I suppose that could happen if the preferences file was corrupt, but may application checks that it is OK at launch before trying to use NSUserDefaults, so that seems unlikely.

Alternatively, the NSUserDefault setObject:forKey method that's used to set lastUpdateCheckDate (in SUHost.m's setObject:forUserDefaultsKey: method) doesn't return an error indication, but the writeup for it includes the following comment:

Setting a default has no effect on the value returned by the objectForKey: method if the same key exists in a domain that precedes the application domain in the search list.

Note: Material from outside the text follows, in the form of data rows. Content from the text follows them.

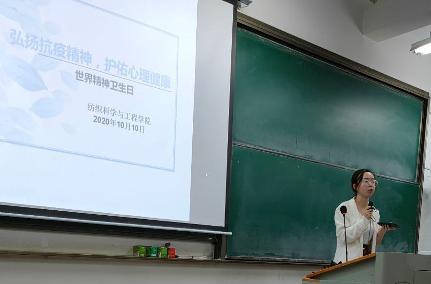 为提高2020级纺织学院新生的安全意识与自我心理健康意识,并积极响应世界精神卫生日的号召,纺织学院于2020年10月11日晚上19点在3栋教学楼03-318教室开展了以“弘扬抗疫精神,护佑心理健康”为主题的知识讲座,讲座由20级辅导员老师吴童玲主持。
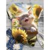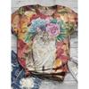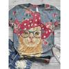 Damen T-Shirt Mode Lustiger Blumiger Katzen-Print Kurzarm Reguläre Oberteile Rundhalsausschnitt Feiertagswochenende Schwarz Gelb Rot Blau Braun Frühling & Sommer
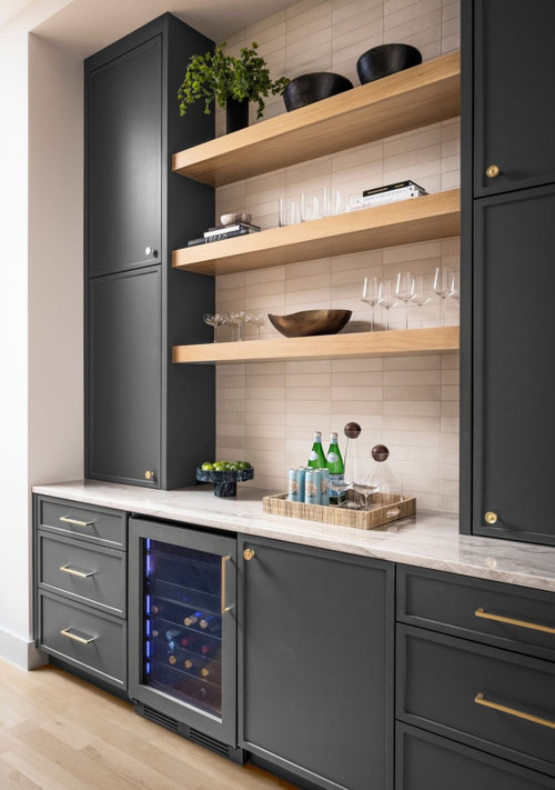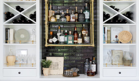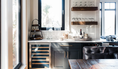 Sleek finishes, gorgeous lighting and farmhouse touches serve up a fresh round of ideas for home beverage hubs
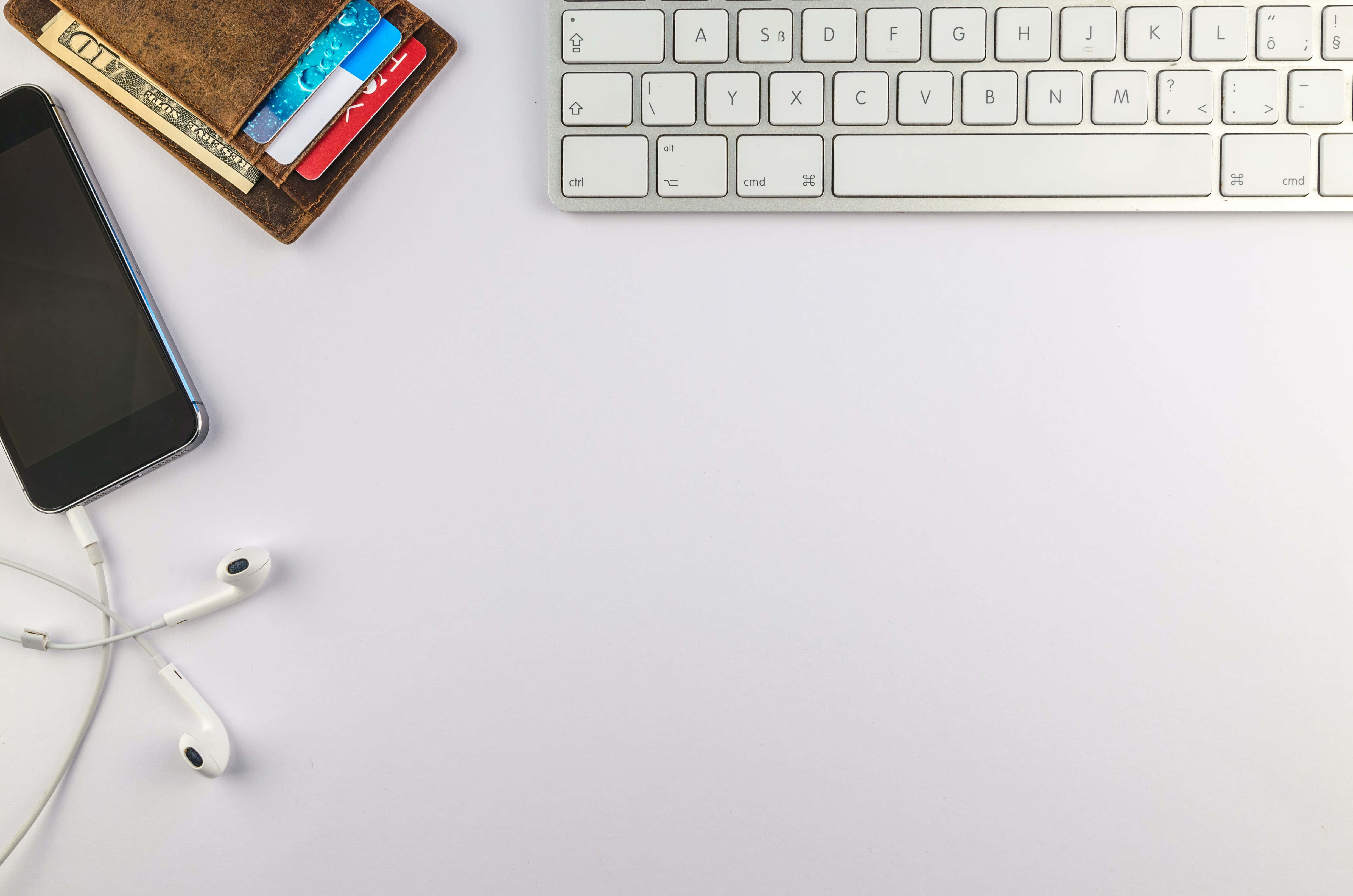 A White Desk With A Keyboard, Phone, And Headphones Wallpaper

I don't understand that comment enough to know how that could happen, but maybe that's the problem. That situation could be tested for by getting the value back after setting it in setObject:forUserDefaultsKey:.

(I wasn't sure if I should reopen this Issue, so I didn't.)

[herf]

It is has not resolved for me (I am still on 1.16). I automated the firewall drop.

Trying to understand those docs - perhaps if someone was running Sparkle in the global domain, then my (non-global) one could have some failures? Like removing a key might fail?

Also it could be that someone is starting an app with "-default" and then there is apparently an "argument domain", which I didn't know about:

https://developer.apple.com/documentation/foundation/userdefaults/1410665-argumentdomain

[jkbullard]

I just saw #1061 and have made a comment there since that Issue is still open. I'll stop posting to this old Issue.